I’ve talked to your co-star Paul Anderson

and creator Steven Knight about the men’s styling of Peaky Blinders. What was your experience in the costume department? Did you have any say in what you wear as Aunt Polly? I’m a real pain in the neck when it comes to costume, because it’s really important to me. I’ve always really designed what I’ve been wearing alongside the designer, because it makes an enormous difference to how you move, how you’re perceived and how you feel. So right from the beginning when we started Peaky, I wanted Polly to have a very tight silhouette, so they were saying, ‘This is the period, it’s drop-waist…’ and I said, yeah, I’m not wearing that. We need a corset and a hobble skirt and boots up to the thigh, and everything a size too small, tailored within an inch of its life. We need massive hair, with pins I’m going to stab people with, things I can whip out of fur; I need a gun on the inside thigh in a garter. It should all make me feel a certain way.

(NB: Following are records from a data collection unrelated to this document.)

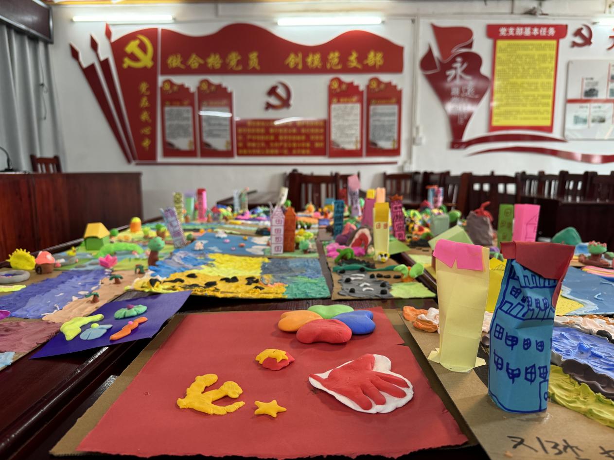 粘土是连接现实与想象的桥梁。随着形状和色彩的不断变化,粘土在孩子们的手中有了灵魂,兔子、花朵、溪流、房子,蓬瀛村的样貌便跃然纸上。但令人惊奇的是,年幼的小朋友不仅捏出了我们熟悉的房屋、美丽的花草,还捏出了活灵活现的红军司令部旧址、稻田党徽等红色作品。“这就是我们村的一部分!”蓬瀛的红色文化早已与这里的每一个大人、小孩融为一体,给所有蓬瀛人的内心都烙下了红色印记。
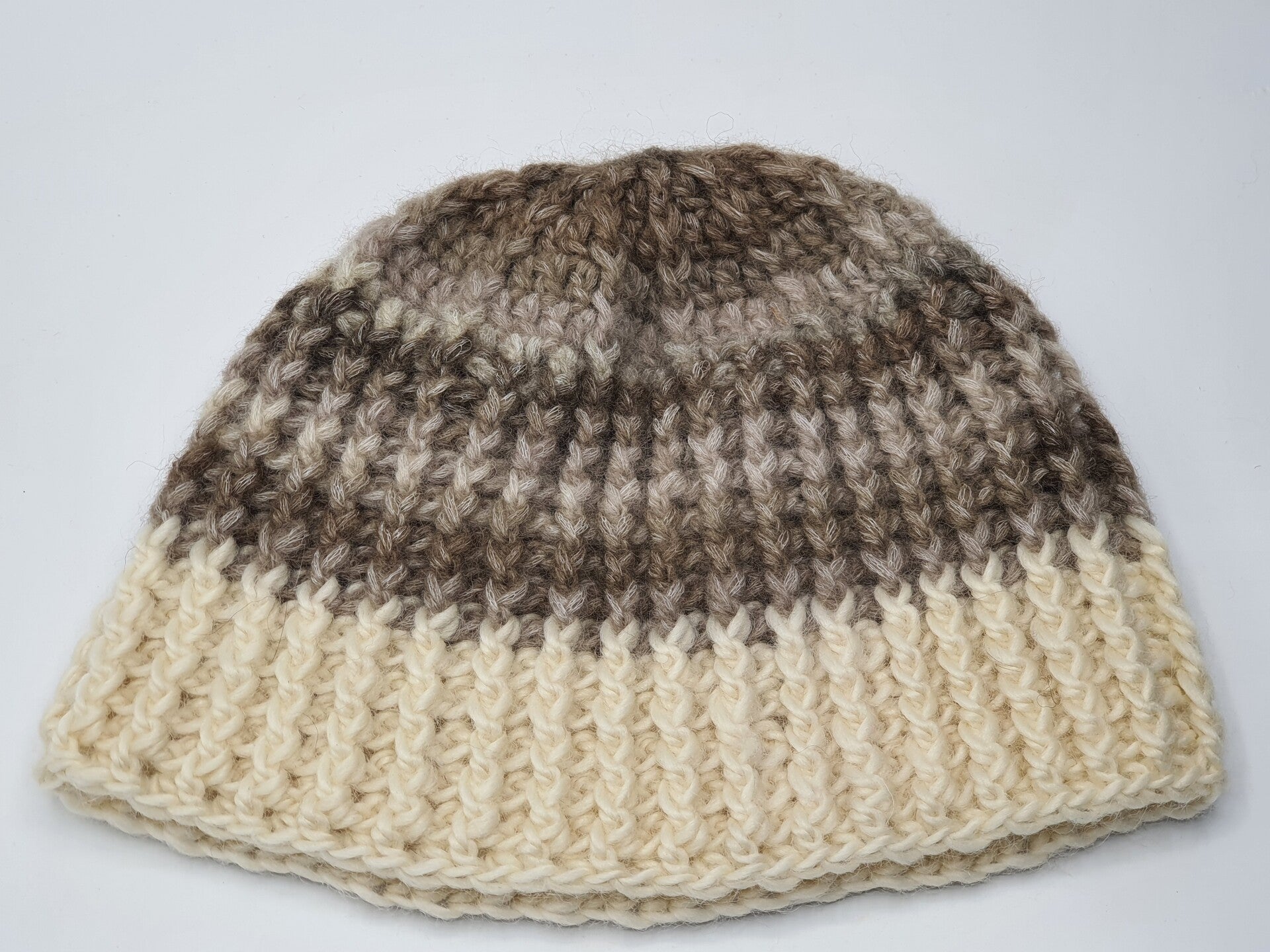 Een gehaakte muts met banen in Bruin, Camel, Crème en Beige met een vleugje Crème. Hij is gemaakt van 85% wol, dus hij zit heerlijk warm! Aan de onderkant heeft de muts een brede rand in het Beige.
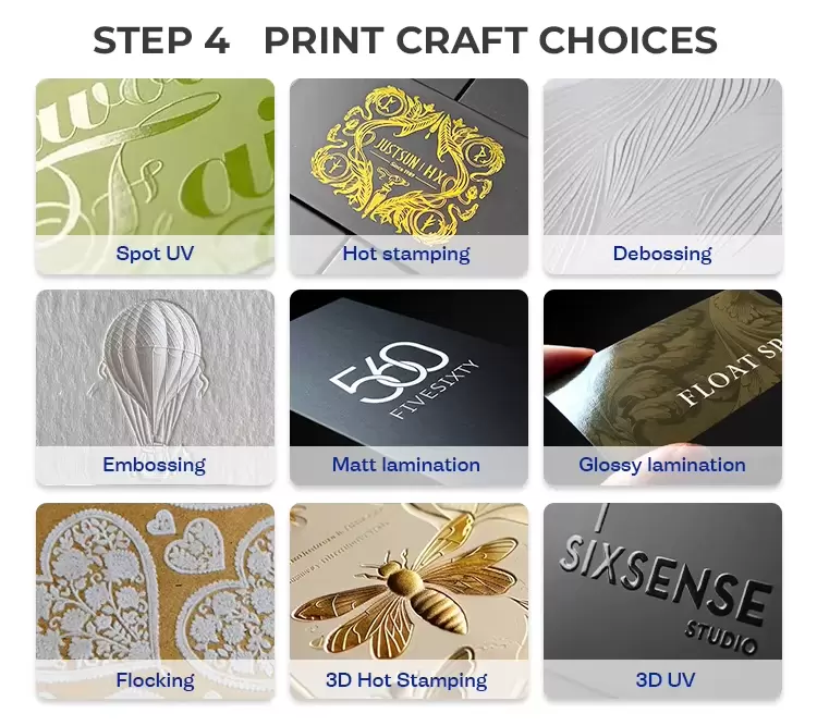 표면 마감: 무광/광택 라미네이션, 스탬핑, 스팟 UV, 디보싱, 엠보싱 등.
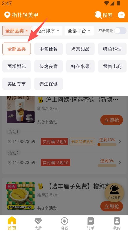 在分类列表中点击目标店铺的立即抢。
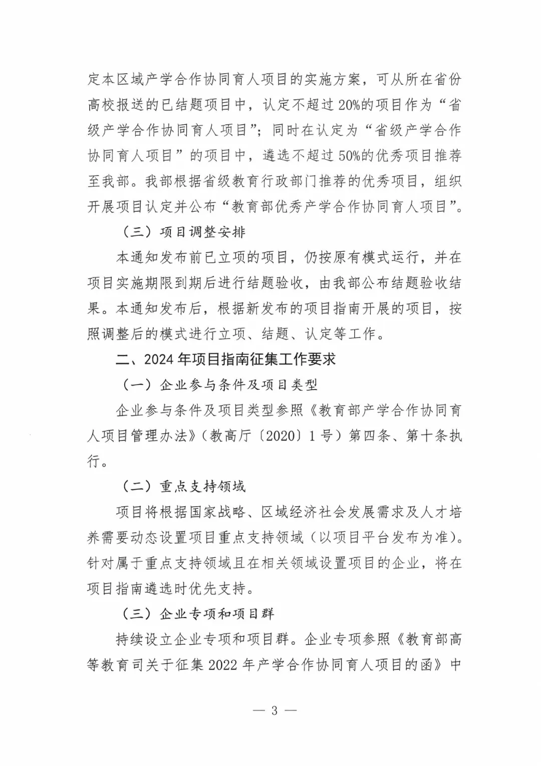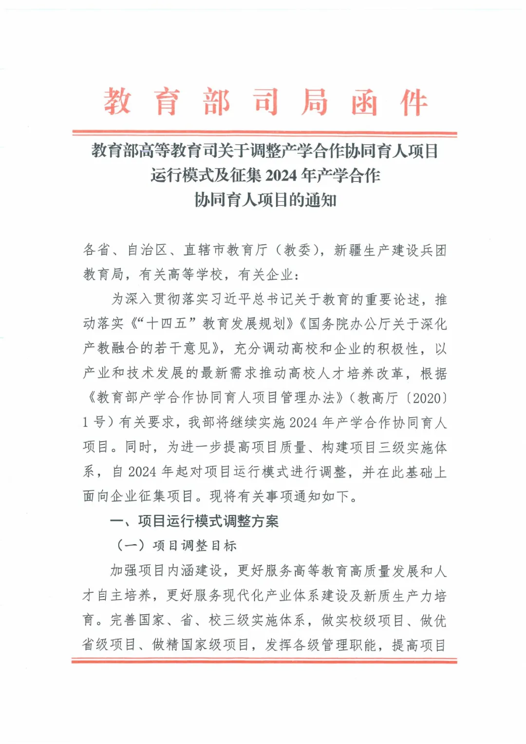 教育部高等教育司关于调整产学合作协同育人项目运行模式及征集2024年产学合作协同育人项目的通知
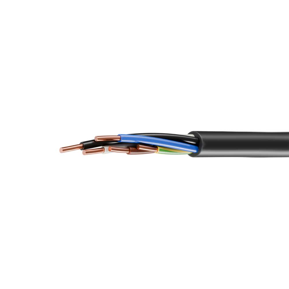 1. Пять однопроволочных круглых токопроводящих медных жил номинальным сечением 10 мм2, соответствующих 1 классу по ГОСТ 22483-2021. 2. Изоляция жилы из полимерной композиции, не содержащей галогенов, номинальной толщиной 0,9 мм. 3. Заполнение внутренних и наружных промежутков между скрученными изолированными жилами многожильных кабелей. 4. Поясная изоляция из полимерной композиции, не содержащей галогенов, номинальной толщиной 1,0 мм. 5. Оболочка из полимерной композиции, не содержащей галогенов, соответствующая категории Обп-2 по ГОСТ 23286-78, номинальной толщиной 1,8 мм.
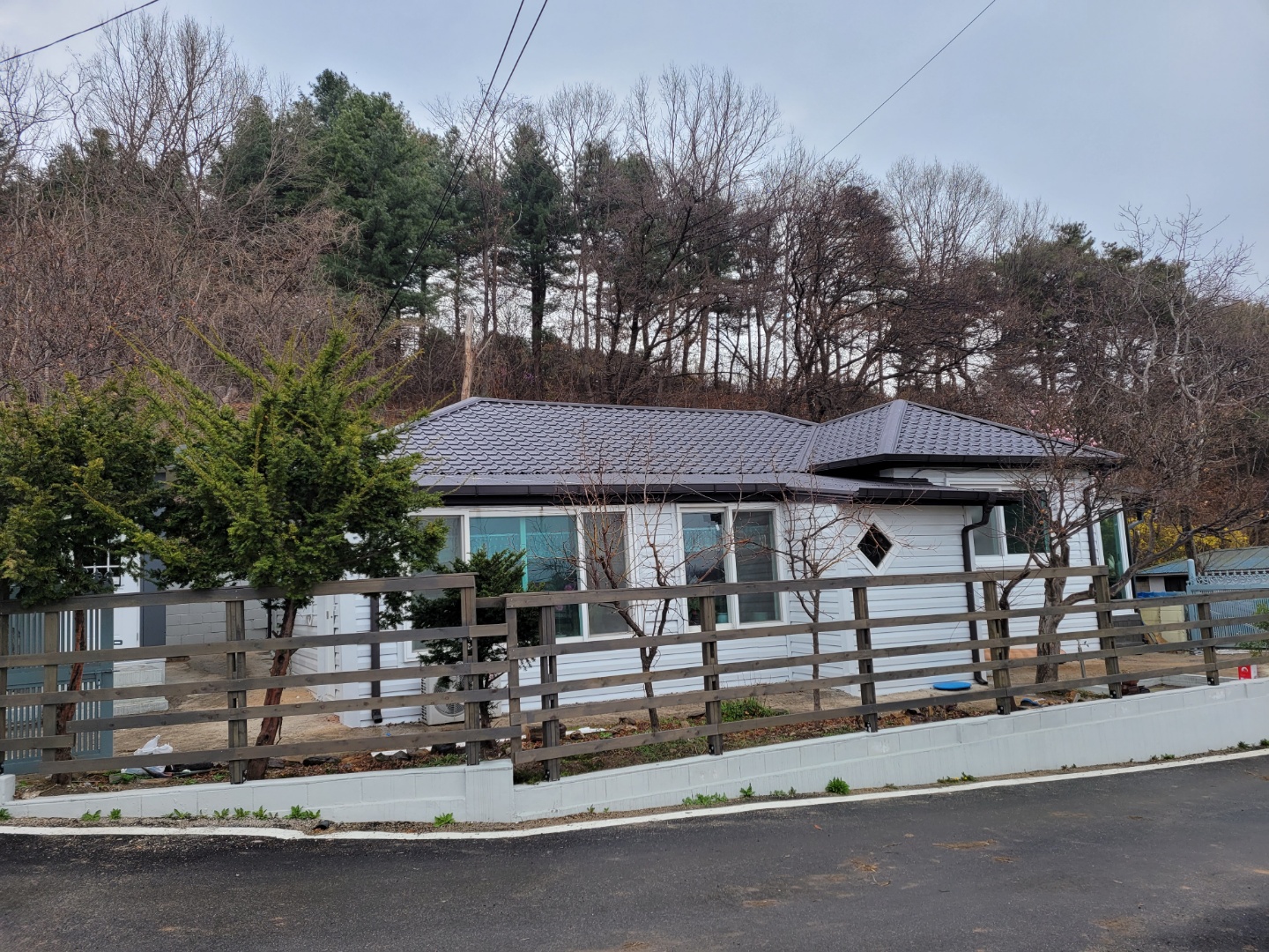 용인시 원삼면 사암리. 슬레이트골 지붕을 아연도칼라강판 평기와골로 덮방시공함.
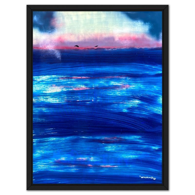 "Dolphins" is an original acrylic painting on canvas by Wyland, hand signed by the artist. This piece comes custom framed. Includes Letter of Authenticity. Measures approx. 54" x 42" (frame), 51" x 39" (image).
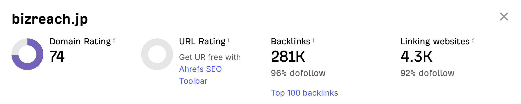 Next, let's go to Ahref's Website Authority Checker and type in BizReach.jp:
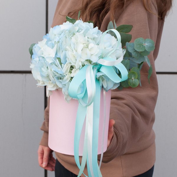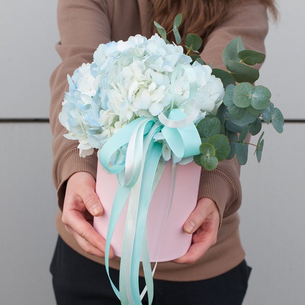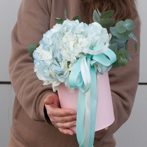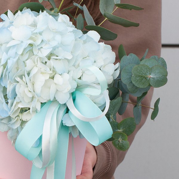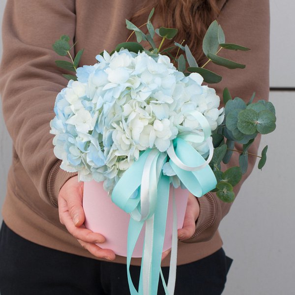 Особенностью данной композиции является использование гортензии голубого цвета. Этот цветок символизирует нежность и любовь, что делает его прекрасным выбором для подарка на День матери или День рождения.
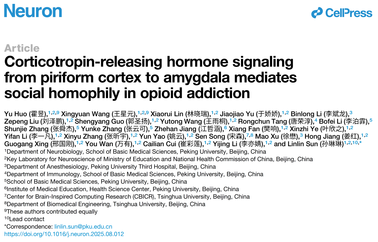 2025年9月12日,北京大学基础医学院孙琳琳团队在学术期刊《Neuron》发表题为“Corticotropin-releasing hormone signaling from piriform cortex to amygdala mediates social homophily in opioid addiction”的研究论文。该研究首次揭示了阿片类药物成瘾个体社交同质性现象,即成瘾个体偏爱与成瘾个体社交,导致其社交圈固化;进一步研究揭示了这种社交同质化的神经机制,为理解成瘾患者社交选择行为及干预治疗提供了全新的理论框架。
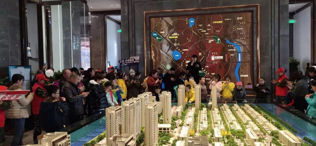 进入售楼处,小朋友和家长们用手指组成笑脸,点亮打卡地!
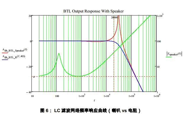 由于LC濾波器的Q值和負載R有關,只有當R非常大的時候才會出現(xiàn)高次諧波被放大的現(xiàn)象。在實際中負載R是動圈式喇叭。關于喇叭阻抗R和頻率的關系在下節(jié)中給出。
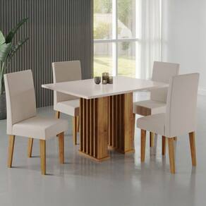 Mesa de Jantar 4 Lugares Arezo Ripado Marrom/Blonde/Pastel - Viero Móveis
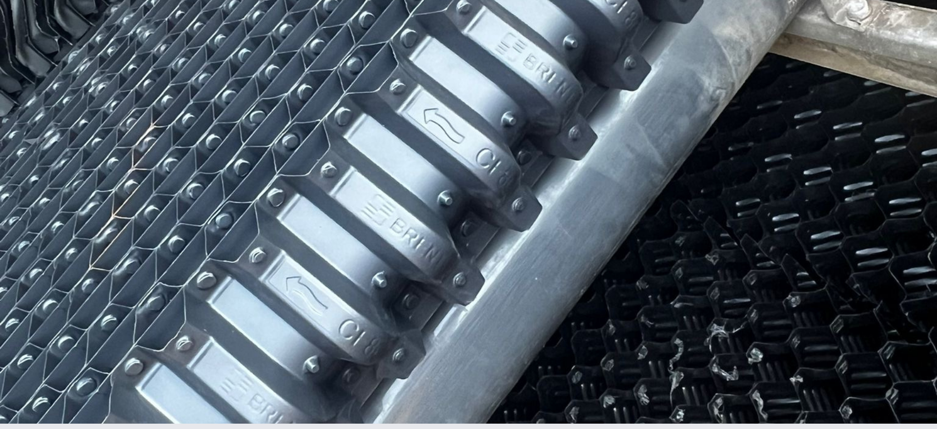 Pentru a asigura performanța pe termen lung a turnurilor de răcire, am utilizat componente premium de la Brentwood Industries, un nume de referință în domeniu. Umpluturile CF1900 Cross-Fluted Film Fill au fost alese pentru suprafața lor optimă de contact și capacitatea de a îmbunătăți transferul termic. Inlet Louvers au fost instalate pentru a proteja împotriva razelor UV, a controla stropii și a optimiza fluxul de aer, iar CF80Max Cellular Drift Eliminators au fost integrate pentru a reduce pierderile de apă și pentru a asigura conformitatea cu normele anti-Legionella.
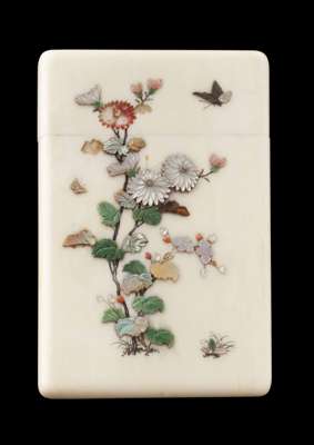 JAPANESE CARVED IVORY AND SHIBAYAMA INLAID CARD CASE Y
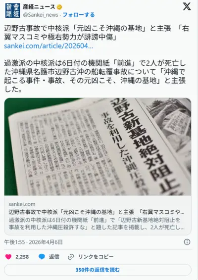 極左ゲリラ なんの関係があるのか辺野古事故を「基地が元凶」「右派の誹謗中傷」と主張
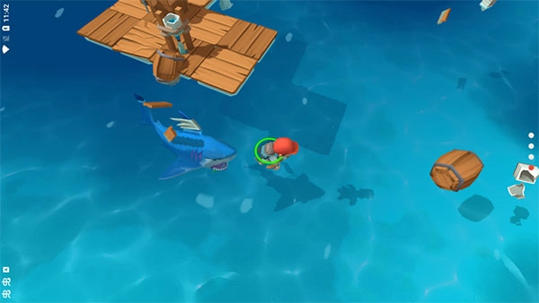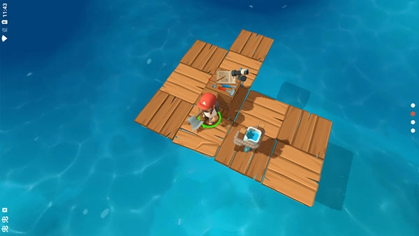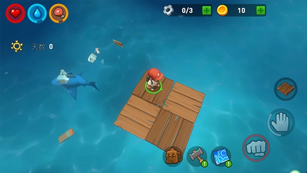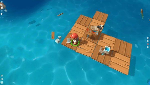 在游戏里,玩家得操控角色下木筏,收集必要的物品,还要搭建对应的设施,这样才能更顺利地生存下去。
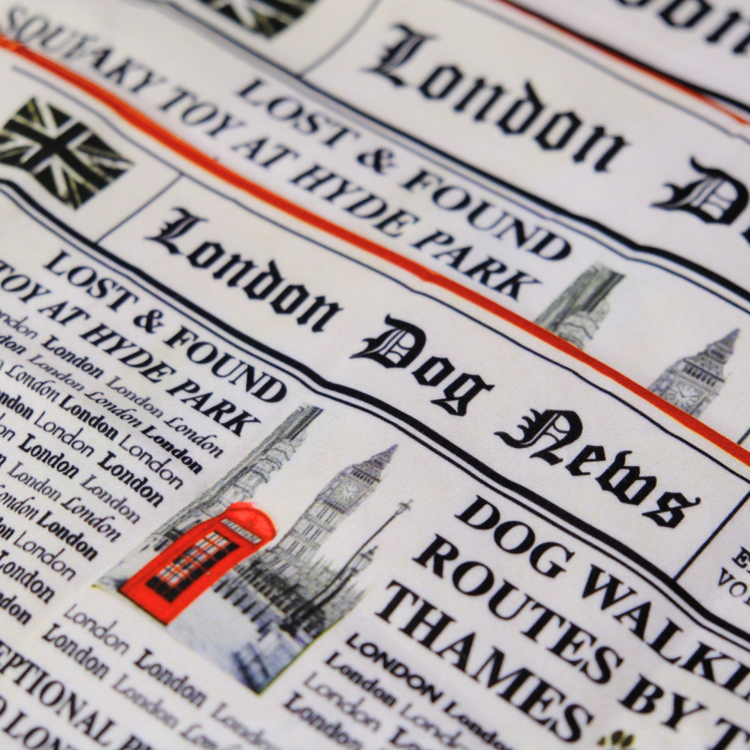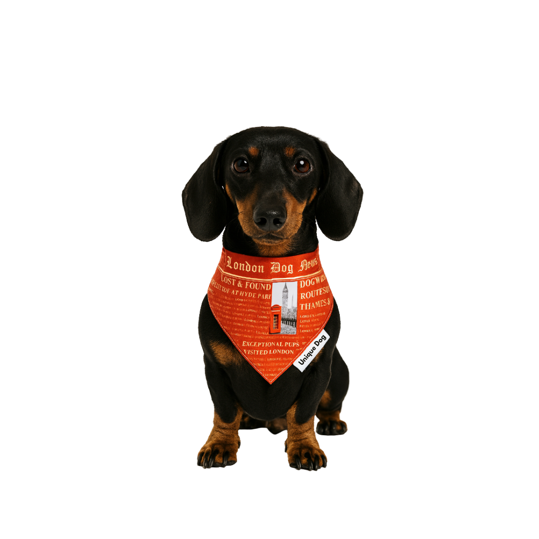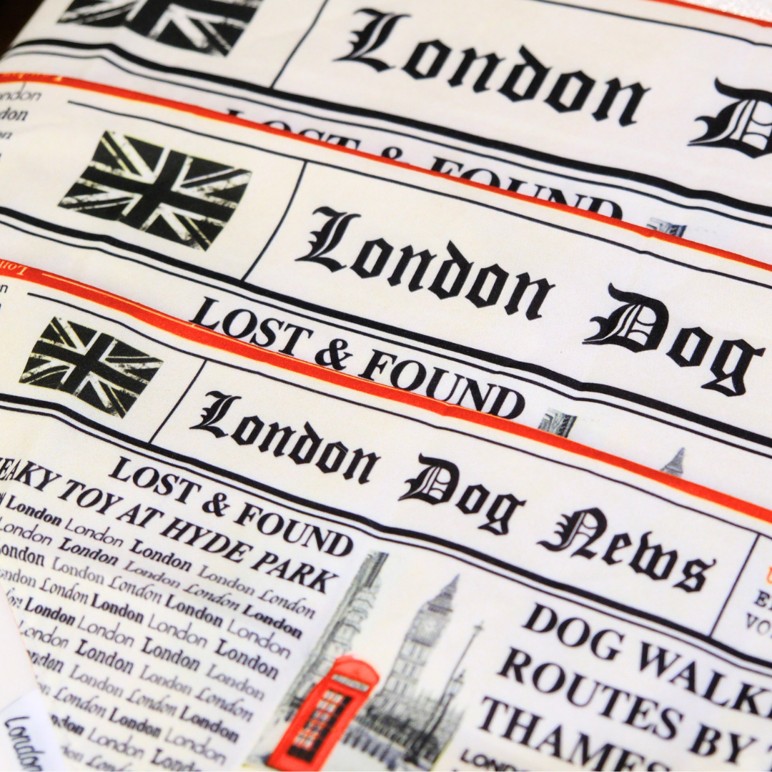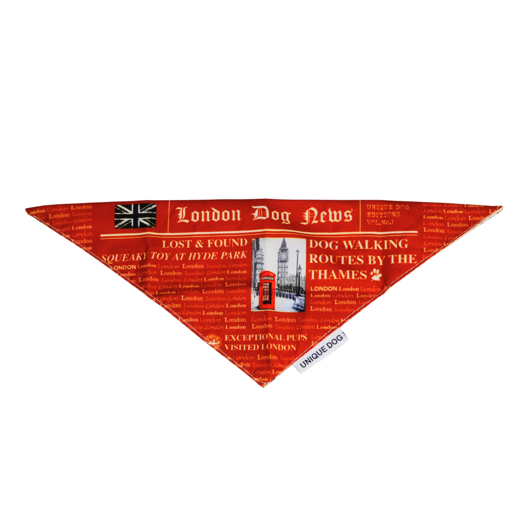 The London Dog News Bandana is our playful tribute to classic British newspapers – complete with mock headlines, Big Ben, red phone booths, and a tail-wagging sense of humor.

For the last few years we’ve worked with Alison McCosh, who sources costumes from museums, costume houses, places people don’t usually use. She’ll go as far as Washington, Barcelona or Rome to find the right piece; she’s as obsessive as I am. So before we even start filming, we’ll have entire outfits, complete with shoes, gloves, earrings, hats, for the entire season. Polly definitely wears her clothes as armour and is comfortable in her own skin.

“We need a corset and a hobble skirt and boots up to the thigh, and everything a size too small, tailored within an inch of its life.”

What can we expect sartorially in season 5? I saw some stills and you looked a bit more masculine than usual, in a sexy Marlene Dietrich sort of way.